Required action.
Since the listing below shows pictures, leave them out and write out exactly the lines from the line with "기타 타브악보에서 7개" to the line with "Imbue your bedroom", both included, and no others.

Data for analysis.
··········
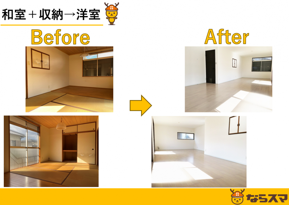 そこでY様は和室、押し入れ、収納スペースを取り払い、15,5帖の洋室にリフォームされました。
··········
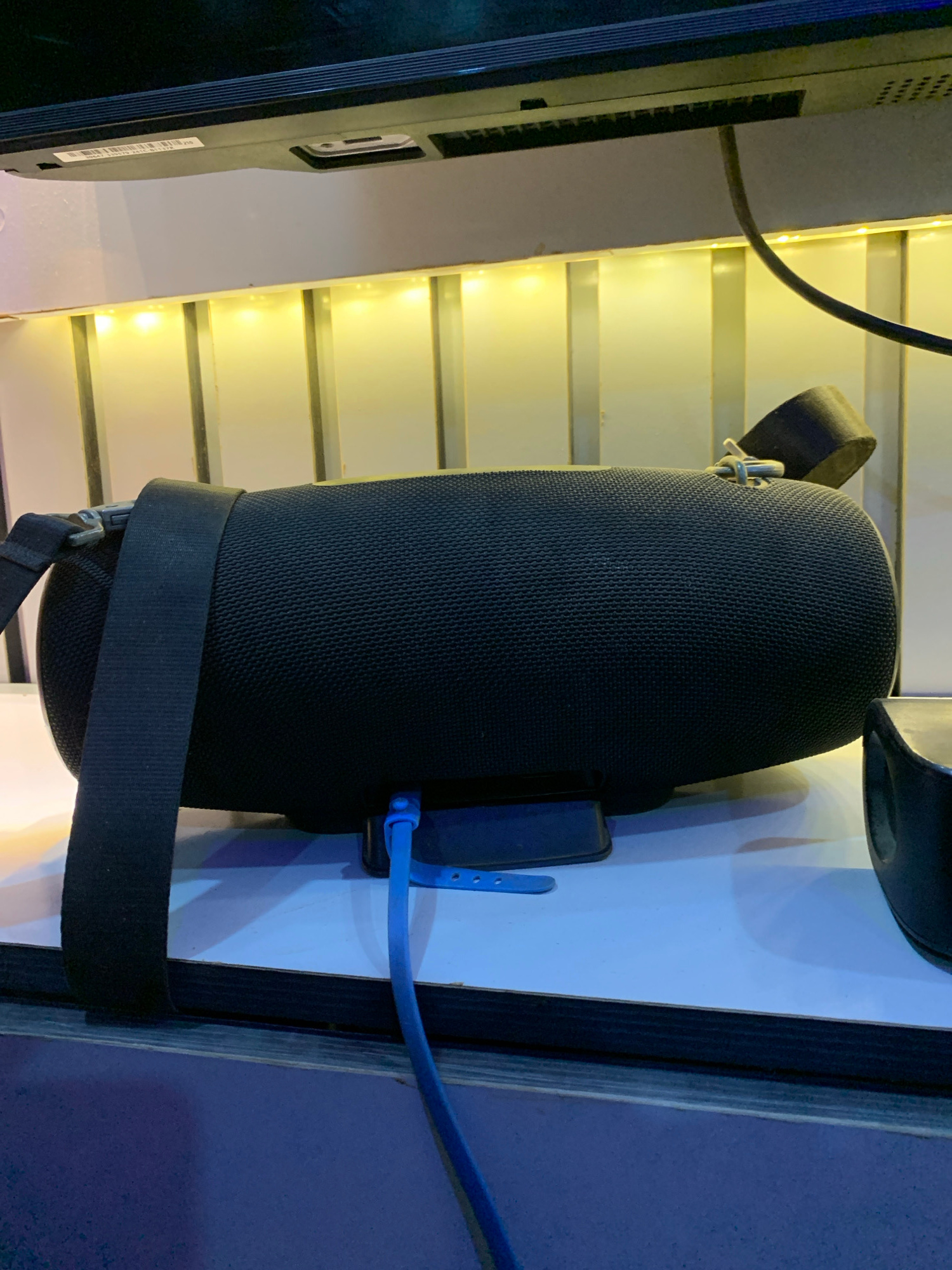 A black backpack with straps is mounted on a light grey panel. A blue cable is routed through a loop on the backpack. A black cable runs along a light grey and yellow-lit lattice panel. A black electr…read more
··········
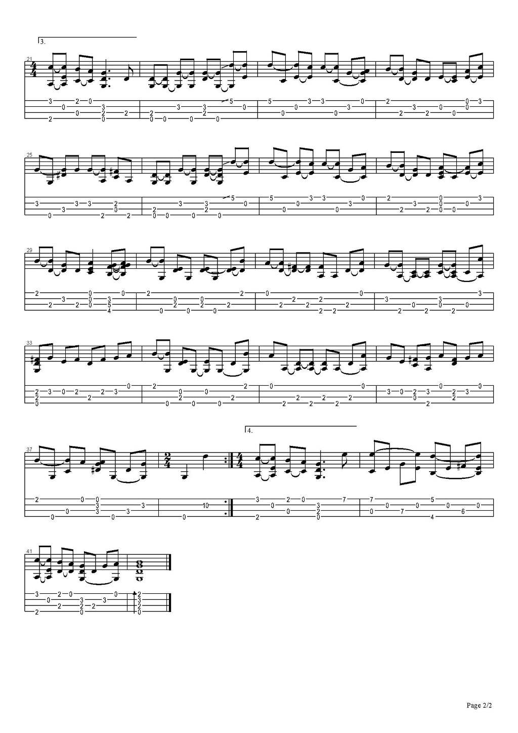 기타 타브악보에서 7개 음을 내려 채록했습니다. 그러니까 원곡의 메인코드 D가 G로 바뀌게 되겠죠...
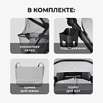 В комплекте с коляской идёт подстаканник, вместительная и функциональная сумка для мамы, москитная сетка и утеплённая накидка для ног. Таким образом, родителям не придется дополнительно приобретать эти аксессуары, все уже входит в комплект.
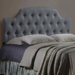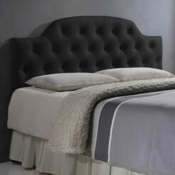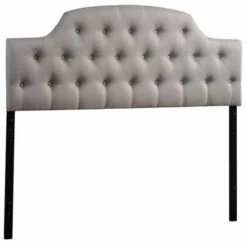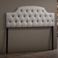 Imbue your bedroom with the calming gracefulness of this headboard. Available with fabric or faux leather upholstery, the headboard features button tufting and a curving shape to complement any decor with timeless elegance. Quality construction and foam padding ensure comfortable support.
··········
Written answer.
 기타 타브악보에서 7개 음을 내려 채록했습니다. 그러니까 원곡의 메인코드 D가 G로 바뀌게 되겠죠...
 В комплекте с коляской идёт подстаканник, вместительная и функциональная сумка для мамы, москитная сетка и утеплённая накидка для ног. Таким образом, родителям не придется дополнительно приобретать эти аксессуары, все уже входит в комплект.
 Imbue your bedroom with the calming gracefulness of this headboard. Available with fabric or faux leather upholstery, the headboard features button tufting and a curving shape to complement any decor with timeless elegance. Quality construction and foam padding ensure comfortable support.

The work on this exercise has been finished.